--- SUPPLIED RECORDS Enclosed Below ---

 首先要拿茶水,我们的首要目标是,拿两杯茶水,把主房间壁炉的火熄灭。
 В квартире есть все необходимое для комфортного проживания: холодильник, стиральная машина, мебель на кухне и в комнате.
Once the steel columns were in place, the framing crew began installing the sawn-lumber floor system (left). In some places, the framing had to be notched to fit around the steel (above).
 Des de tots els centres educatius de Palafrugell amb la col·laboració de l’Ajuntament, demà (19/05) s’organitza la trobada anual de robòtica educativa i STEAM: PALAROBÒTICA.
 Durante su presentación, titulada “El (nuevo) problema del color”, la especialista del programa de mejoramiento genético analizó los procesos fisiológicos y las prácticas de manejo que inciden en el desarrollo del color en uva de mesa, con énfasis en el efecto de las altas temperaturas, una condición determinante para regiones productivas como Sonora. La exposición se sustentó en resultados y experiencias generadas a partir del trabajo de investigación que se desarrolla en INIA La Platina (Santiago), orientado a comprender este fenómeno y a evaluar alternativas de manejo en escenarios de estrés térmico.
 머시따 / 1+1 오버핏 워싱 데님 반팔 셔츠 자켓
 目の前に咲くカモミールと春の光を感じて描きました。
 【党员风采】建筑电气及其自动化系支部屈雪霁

--- End of Enclosed SUPPLIED RECORDS ---
--- SUPPLIED RECORDS Enclosed Below ---

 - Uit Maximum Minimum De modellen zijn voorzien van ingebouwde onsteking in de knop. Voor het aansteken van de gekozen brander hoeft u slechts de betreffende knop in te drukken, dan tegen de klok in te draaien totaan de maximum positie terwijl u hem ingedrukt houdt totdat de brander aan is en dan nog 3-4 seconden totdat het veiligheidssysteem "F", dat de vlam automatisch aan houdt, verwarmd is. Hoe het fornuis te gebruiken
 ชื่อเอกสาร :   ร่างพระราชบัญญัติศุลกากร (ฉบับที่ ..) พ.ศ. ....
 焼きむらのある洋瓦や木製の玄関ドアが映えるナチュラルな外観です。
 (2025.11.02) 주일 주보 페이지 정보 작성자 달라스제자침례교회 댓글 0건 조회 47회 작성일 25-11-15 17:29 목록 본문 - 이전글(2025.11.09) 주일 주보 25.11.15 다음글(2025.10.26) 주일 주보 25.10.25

--- End of Enclosed SUPPLIED RECORDS ---

■ **WHAT IS EXPECTED**
When you reach the line holding "Durante su presentación, titulada" in the records above, begin reproducing exactly, stop after the line holding "머시따 / 1+1 오버핏 워싱 데님 반팔 셔츠 자켓", and output nothing else.

■ **RESULT OF THE EXERCISE**
 Durante su presentación, titulada “El (nuevo) problema del color”, la especialista del programa de mejoramiento genético analizó los procesos fisiológicos y las prácticas de manejo que inciden en el desarrollo del color en uva de mesa, con énfasis en el efecto de las altas temperaturas, una condición determinante para regiones productivas como Sonora. La exposición se sustentó en resultados y experiencias generadas a partir del trabajo de investigación que se desarrolla en INIA La Platina (Santiago), orientado a comprender este fenómeno y a evaluar alternativas de manejo en escenarios de estrés térmico.
 머시따 / 1+1 오버핏 워싱 데님 반팔 셔츠 자켓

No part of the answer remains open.